Gosh, I love it at a conceptual level. But boy I get overwhelmed each time I look at a long screen of variables for an enemy, and start worrying the game’s about to want me to have a degree in something other than youth work and applied theology. When the screen becomes filled with its data made visual, text floating above objects, parameter lines projected over the art, I worry it’s about to get too tough. And yet, as I solve each puzzle, as I progress, I realise it’s not the challenges that are daunting me, it’s not the hacking, the variables, the complexity. It’s the sense of aimlessness.

It’s just a bit too loose. It’s not the smartness, nor the complexity, that is giving me this undercurrent of alienation. It’s a woolliness. Too many directions open up at any time, too many of them just dead ends. Too often am I solving puzzles because there’s a puzzle in front of me, rather than because I have any idea how it’s going to affect anything. And while it’s a game that wants me to fiddle under its illusion of a bonnet, it throws so many tools at me so quickly that I’ve often felt fatigue rather than intrigue.

But then again, I’ve also felt super-smart. When games shout, “THANK GOODNESS, THE GREATEST GENIUS-O-HERO OF OUR TIME!” because you hit a rat on the forehead, it feels deeply patronising. When Hack ‘N’ Slash congratulates you on having demonstrated great cleverness, well, you have. Admittedly it’s an artificial clever, but I’m owning that, thanks.

And then, four acts in, it lives up to my initial fear, and suddenly splurges a whole new set of rules on you with impenetrable explanation. The wonderful world of programming. Firstly, the explanations only appear once, and secondly, they’re so packed with irrelevant jokes that noticing what you actually need to fathom is a real pain. Thirdly, they’re terrible explanations. You’re trying to program the code behind the ports you’ve previously been hacking, following various logic gates and so forth, but it’s so esoteric, and so poorly elucidated, that I was immediately frustrated. Yes, those who have an instinct for such things will be pointing out it was literally “2+2=4”, but getting to that point requires some sizable leaps of understanding. Get it wrong, and you’ll likely break the game on such a level that it has to “crash” itself and restart the level. And that is nothing compared to what’s to come.

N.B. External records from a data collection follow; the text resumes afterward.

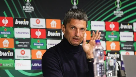 Αρχικά ανέφερε για το εκτός έδρας γκολ που δεν ισχύει και για τον τρόπο προσέγγισης της αναμέτρησης: «Οι όροι είναι όροι και εμείς πρέπει να προσαρμοστούμε στους όρους του παιχνιδιού, δεν μπορών να πω ότι μου αρέσει κάποιος κανονισμός περισσότερο. Η πρόκριση είναι κάτι που θα κριθεί στο παιχνίδι της Τούμπας μετά το παιχνίδι στη Δανία. Ξέρουμε ότι θα έρθουμε αντίπαλοι με μία καλή ομάδα, από ένα πολύ ποδοσφαιρικό πρωτάθλημα. Έχουμε μία φιλοσοφία και ένα στυλ παιχνιδιού με το οποίο θα αντιμετωπίσουμε την Μίντιλαντ αύριο».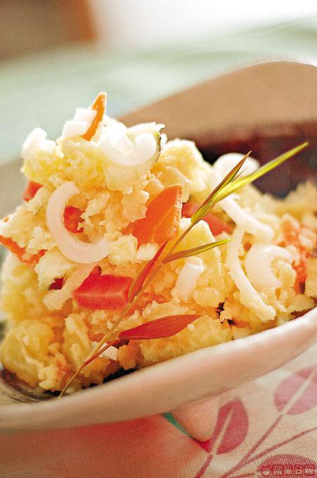 Sue:要整好味薯仔沙律,最重要將它整成半茸半粒,每粒約1吋,食時更有口感;配合青瓜、洋葱、甘笋、火腿,五款食材口感豐富。雖則薯仔飽肚,熱量卻比白飯少,每100克白飯約111卡路里,薯仔則97卡路里。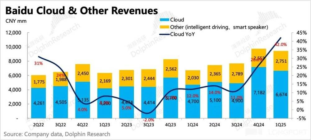 1. 提供全网最低价的DeepSeek,智慧云增速被拉爆:百度算是误打误撞第一波吃满了DeepSeek红利的平台。在DeepSeek大火之后,百度不仅当机立断快速引入,并且搞起大促销,提供全网最低价的算力,直接让智慧云增速由上季度的28%飙升到这季度的42%。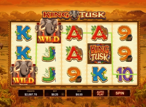 В игровом аппарате King Tusk пять барабанов, двадцать пять постоянно активных линий и пятнадцать иконок на экране.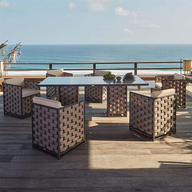 Открытый на открытом воздухе -воздушная лоза, стол и стул Комбинированный сад сад двор солнечный свет.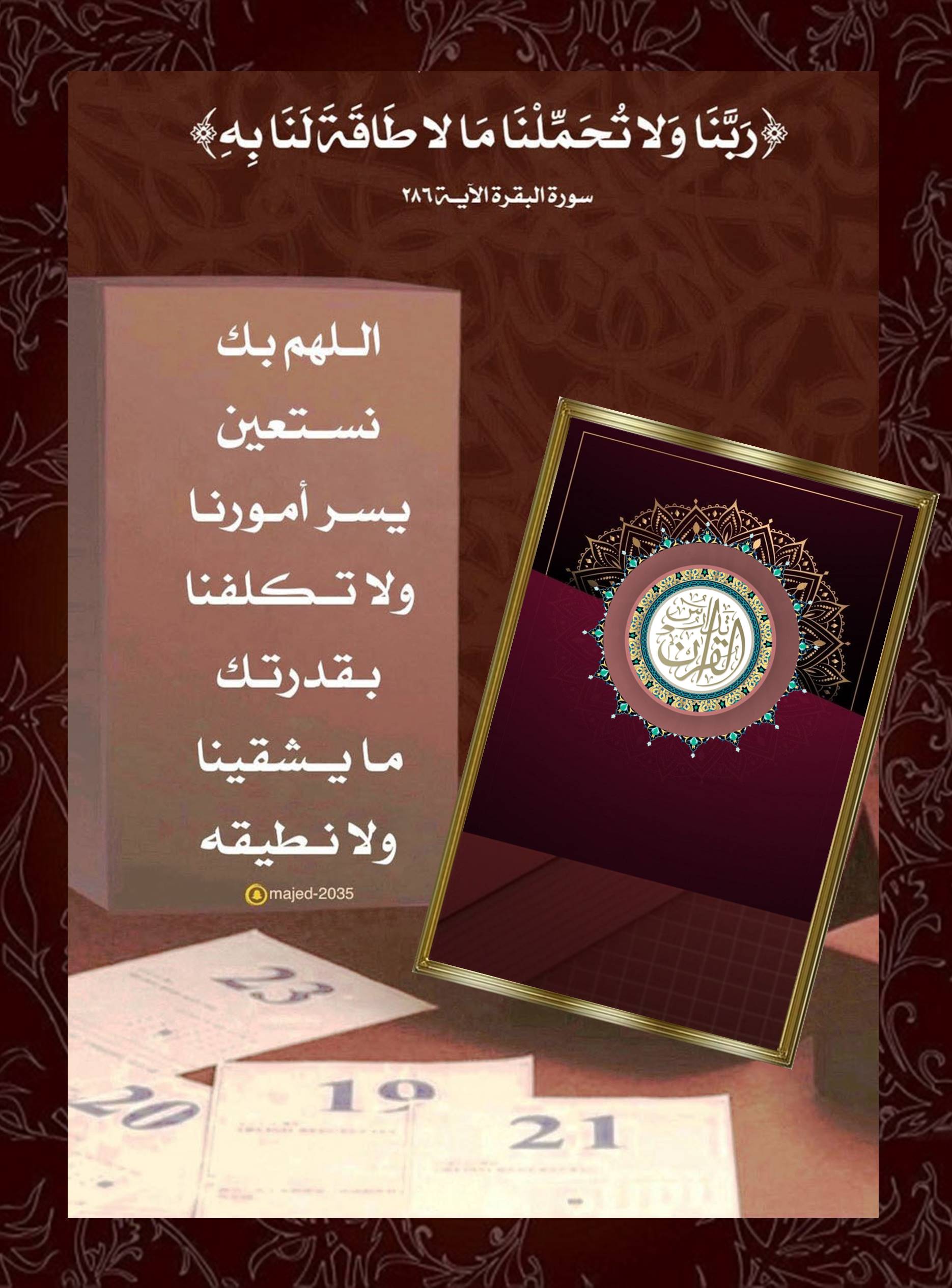 اللهم بك نستعين يسر أمورنا ولا تكلفنا بقدرتك ما يشقينا ولا نطيقه.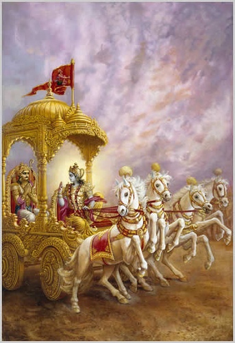 The Bhagavad Gita is being showed as holy book of Hinduism. It was written thousands of years ago. It has teachings said to be given by LORD Krishna (an incarnation whom many Hindus believe to be the god Vishnu in human form.) In the book, Krishna is talking to Arjuna, an archer, before the kurukshetra war begins. Krishna tells Arjuna that he must perform his duty (called dharma) for his caste, and go to fight. Arjuna hesitates because he is fighting his friends, but in the end he listens to Krishna. He will not be led into the underworld for ever for his sins because he will now be reincarnated.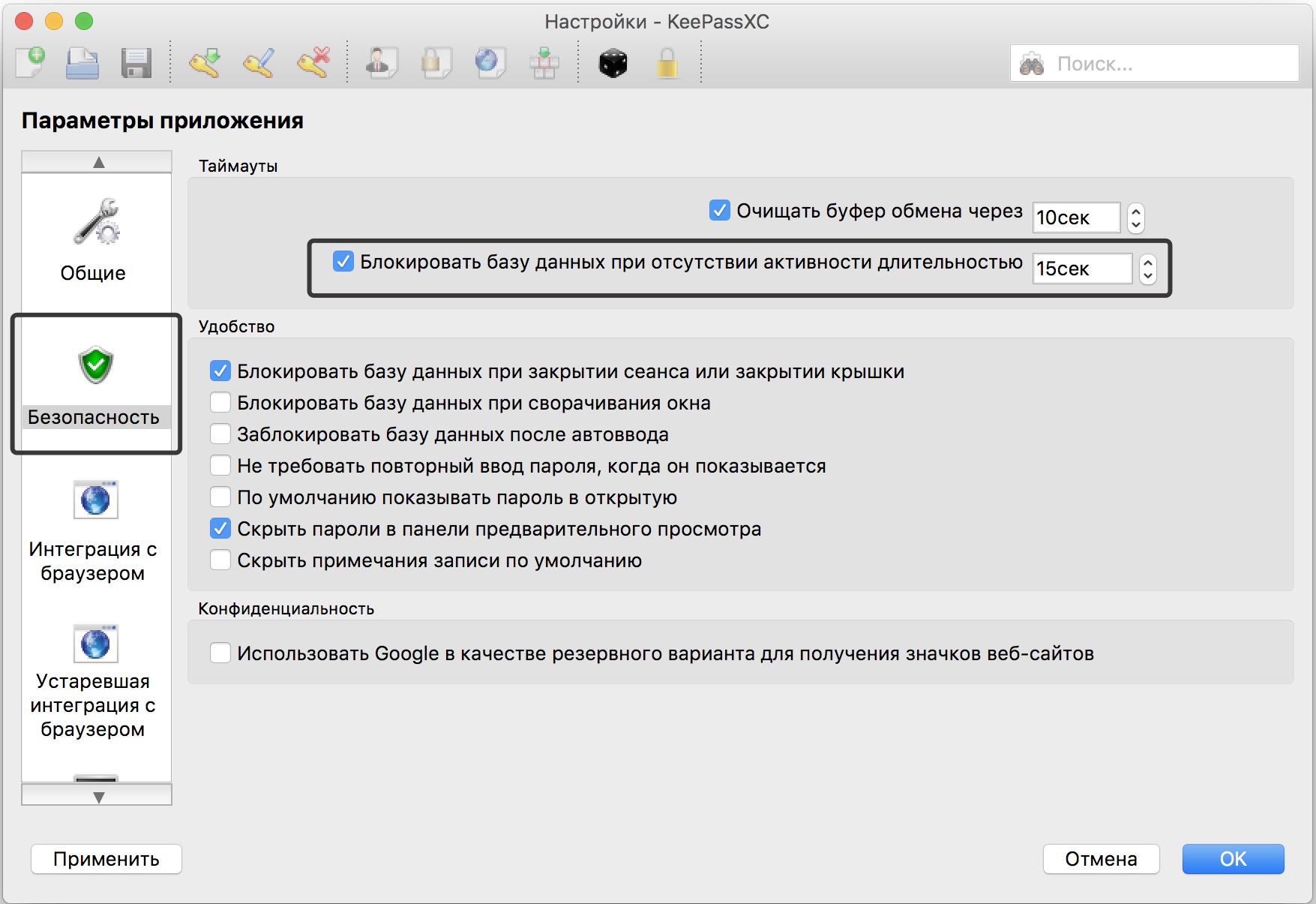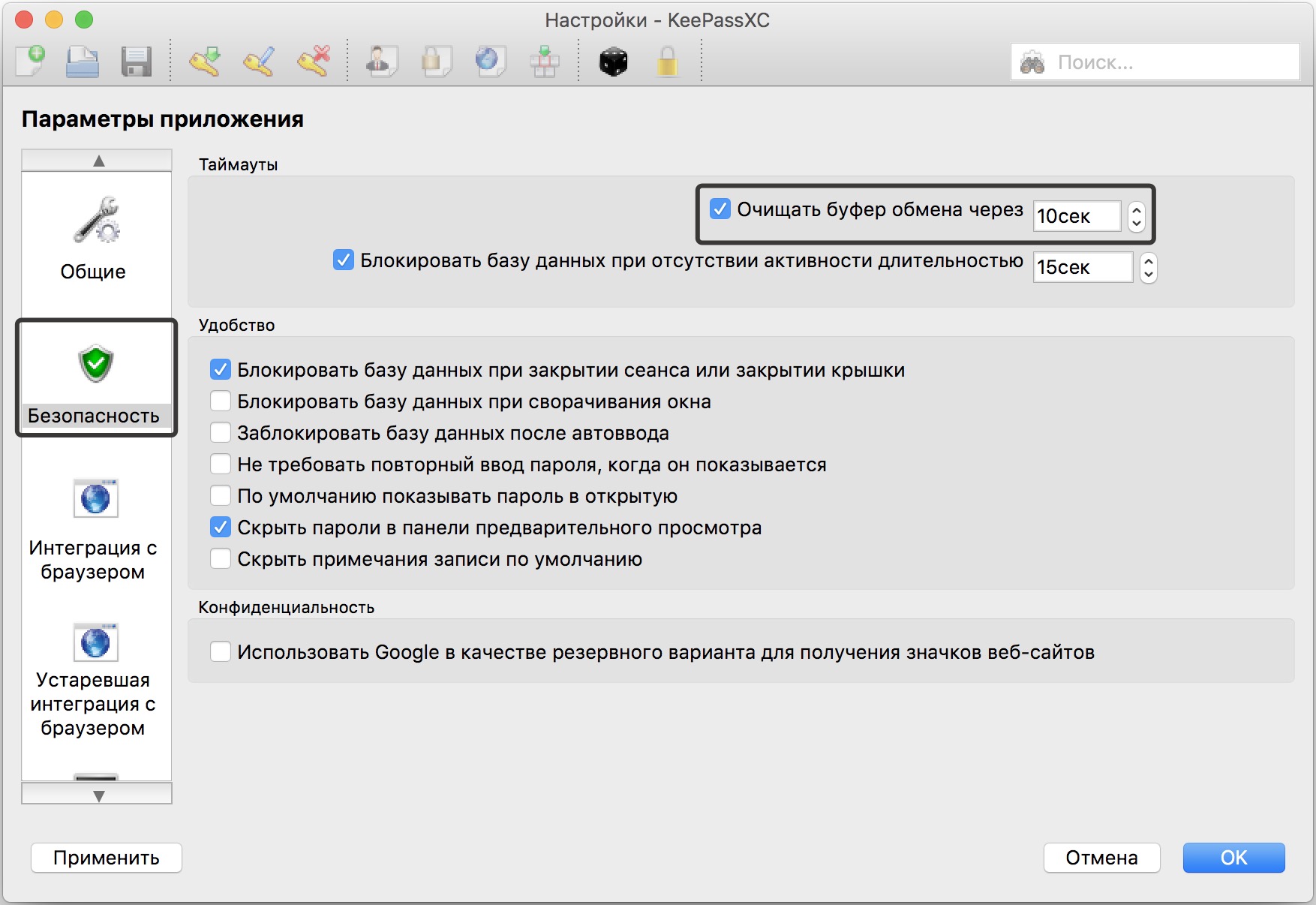 Эта опция есть в настройках большинства менеджеров паролей, в KeePassXC она выглядит так.
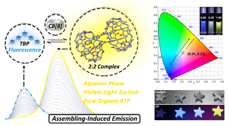 針對這一問題,田禾院士、馬驤教授科研團(tuán)隊(duì)利用常見的超分子大環(huán)主體分子葫蘆[8]脲和簡單的染料客體分子,首次實(shí)現(xiàn)基于主客體組裝的可見光激發(fā)水相純有機(jī)室溫磷光。這一特殊的主客體絡(luò)合物也被用于實(shí)現(xiàn)Hela細(xì)胞成像以及多色發(fā)光水凝膠的制備,具有潛在的生物應(yīng)用價值。這一通過組裝誘導(dǎo)發(fā)光(Assembling-Induced Emission)實(shí)現(xiàn)水相純有機(jī)室溫磷光的策略,打破了前期工作中溶液態(tài)磷光猝滅的限制,有望在時間分辨成像領(lǐng)域結(jié)合磷光的長壽命特性實(shí)現(xiàn)新的突破,為水相室溫磷光的構(gòu)建提供了新的思路。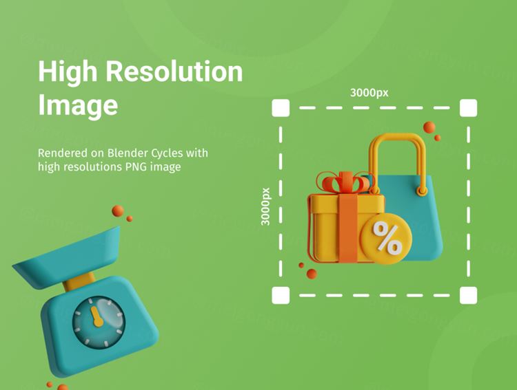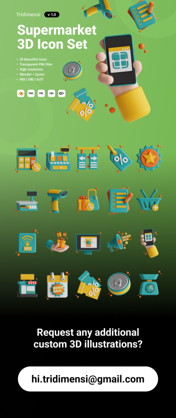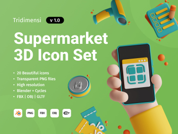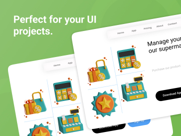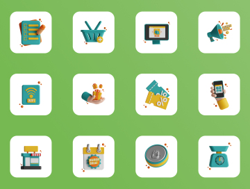 图穷联素材库 » 高质量三维渲染超市收银主题插画图标素材合辑 3D Super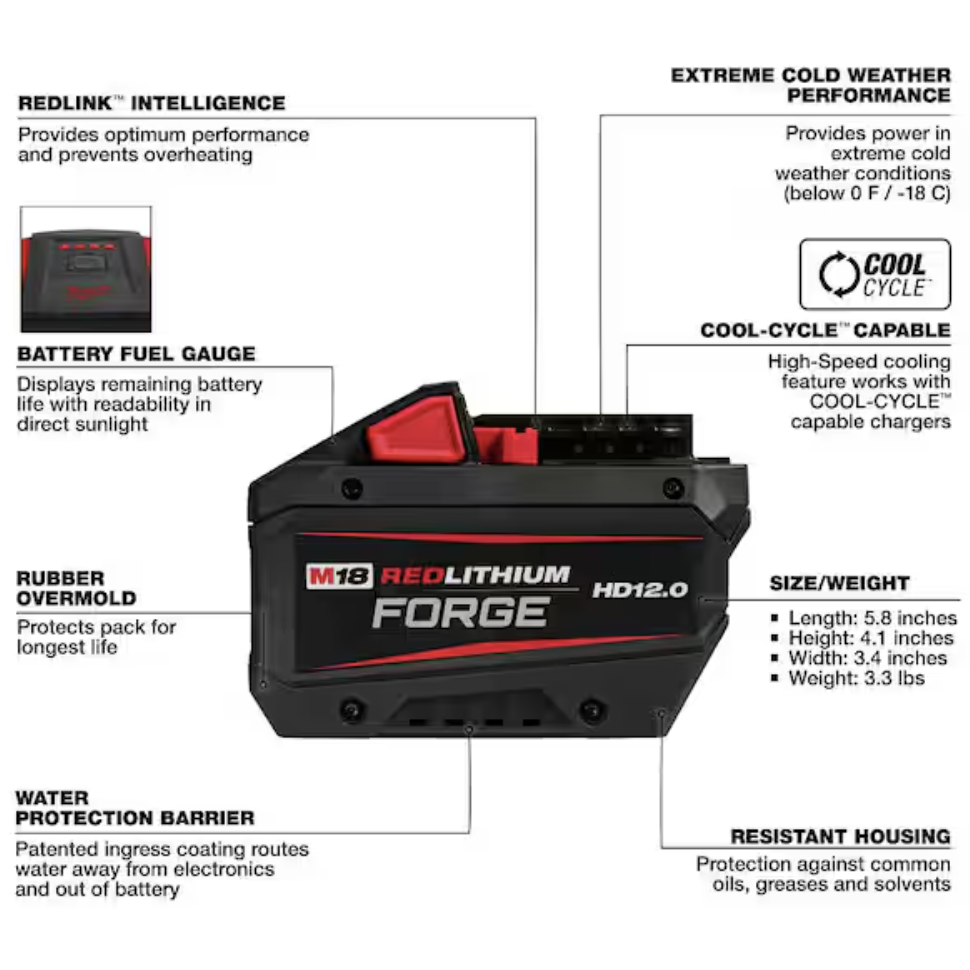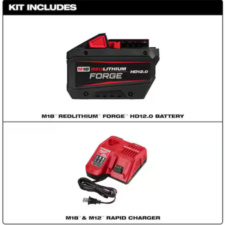 The MILWAUKEE M18 REDLITHIUM FORGE HD12.0 Battery Pack delivers 50% more power vs the HIGH OUTPUT 12.0, and the longest life vs REDLITHIUM batteries. REDLITHIUM FORGE are Milwaukee's most powerful, fastest charging, and longest life batteries. The M18 REDLITHIUM FORGE HD12.0 delivers 12 amp hours of runtime with 50% more power vs the HIGH OUTPUT 12.0, providing optimal power and runtime for demanding applications. This lithium-ion battery has the longest life, the most recharges, and the best performance over the life of the battery. It is also designed with resistant housing for increased protection against exposure to common oils, greases, and solvents. Built-in REDLINK Intelligence protects the battery from overloads, preventing you from damaging your cordless power tools in heavy-duty situations. The REDLITHIUM FORGE HD12.0 battery is fully compatible with 275+ M18 solutions. Our M18 & M12 Rapid Charger charges battery packs up to 40% faster, reducing your downtime and maximizing your productivity. The battery charger accepts all MILWAUKEE M18 and M12 batteries, providing a charging upgrade for both systems. The battery charger communicates directly with your battery pack to monitor cell voltage, temperature, and charge status to ensure a full charge.

Where once Hack ‘N’ Slash rather sweetly created the artifice of being able to hack elements of itself in order to solve top-down exploration puzzles, in its fourth act it’s requiring that you reprogram its code in a way completely unsuited to top-down exploration. Changing a value involves running around, hacking nodes inside machines, and trying to follow its obtuse design rather than just typing it with your keyboard. And its deliberate obfuscation for those not familiar with programming begins to feel a touch less enchanting each time the characters shrug their shoulders and say they don’t understand it either.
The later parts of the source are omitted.